Balkenbiegen

Ich habe zwei große weiße Pappen an die Wand geklebt und entwerfe darauf meinen neuen Roman. Mit einem Bleistift des Härtegrades 3B. Sie wissen schon, Namen, Sätze, Pfeile von hier nach dort, durchgestrichene und eingekreiste Worte, Ausrufezeichen, Fragezeichen, vor allem Fragezeichen. Gleichzeitig beginne ich mit dem Schreiben, und zwar ganz vorne mit dem Epilog. Zunächst ist alles, so wie ich es mir vor- und darstelle, sehr verwickelt, unklar und an vielen Stellen offen – ich kenne die Motivlage der Protagonisten noch nicht, nur meine eigene ist mir einigermaßen schlüssig, weil es einen mit mir teilweise deckungsgleichen Ich-Erzähler geben wird, der all die Fetzen anderer Identitäten und Geschichten zusammenfügt. Den bisher entstandenen 16 Seiten des Epilogs, was zwei Arbeitstagen entspricht, stehen bereits entworfene und teils geschriebene „Originaldokumente“ zur Seite (Tagebucheinträge, Essay, Romanfragment, Briefe), die von handelnden Personen stammen, die es teilweise noch gar nicht gibt, während die drei bisher aufgetauchten Menschen bereits damit beginnen, mir ihre Identität, ihr Sein aufzudrängen, sich in meine Gedanken zu schleichen, mich anzufixen, zu manipulieren. Ich kenn das schon, Jeder und Jede will die Hauptrolle haben, koste es, was es wolle. Sollte ich diese drei bisher aufgetauchten Menschen kurz beschreiben, so würde ich sagen: ein frivoles Miststück, ein rachsüchtiges Miststück und ein mieser alter Sack, der hinter seiner bürgerlichen Kulisse Pläne schmiedet, die zum Ende der Republik führen sollen. Ach ja, der Roman hat zwei Zeitebenen, die ein hohes Menschenalter auseinanderliegen und doch beide in höchstem Grade modern sind in dem Sinne, daß Grundsätzliches sich ändert, nach und nach, schleichend, manchmal sogar mit der Anmutung der Seinsverbesserung.
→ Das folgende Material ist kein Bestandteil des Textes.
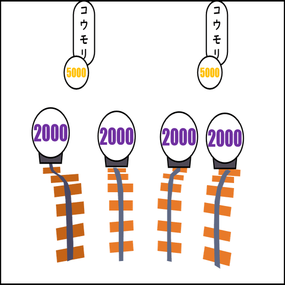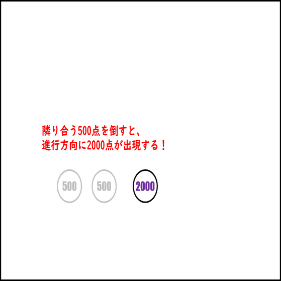 🔑 隣り合った500点を撃つと進行方向に2000点出現
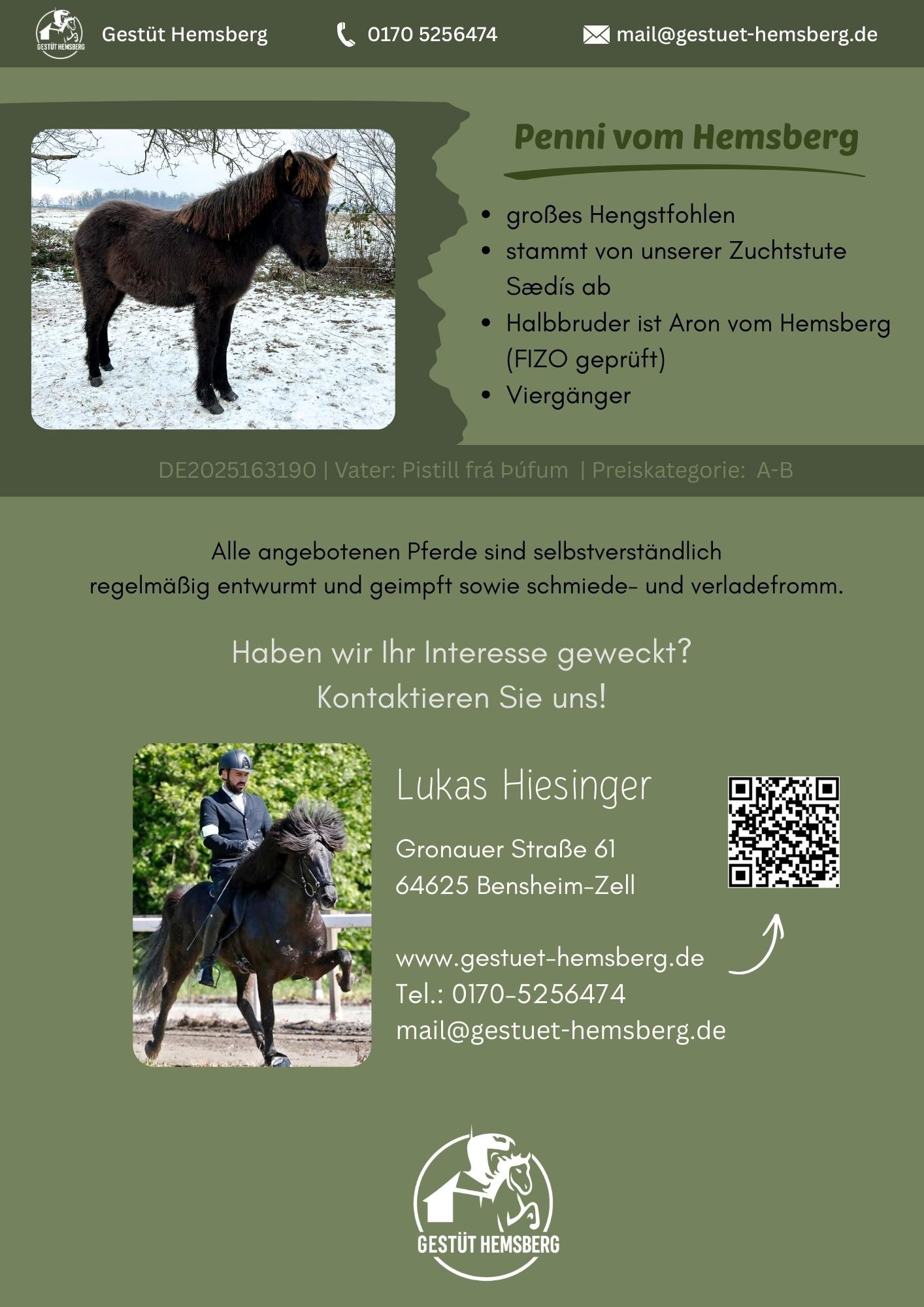Lukas Hiesinger steht Ihnen gerne unter 0170-5256474 zur Verfügung.

Mit Realismus aber, da seien Sie versichert, hat das alles nicht viel zu tun, es wird gelogen werden, daß sich die Balken biegen, was kein Wunder ist, ist doch selbst unsere uns so bekannt dünkende Welt nichts weiter als das Ergebnis von Mythen, Mythen, Mythen, die sich Menschen wie wir in bunter Vorzeit ausdachten, um von den Bäumen runterzukommen. Das ist die Wahrheit.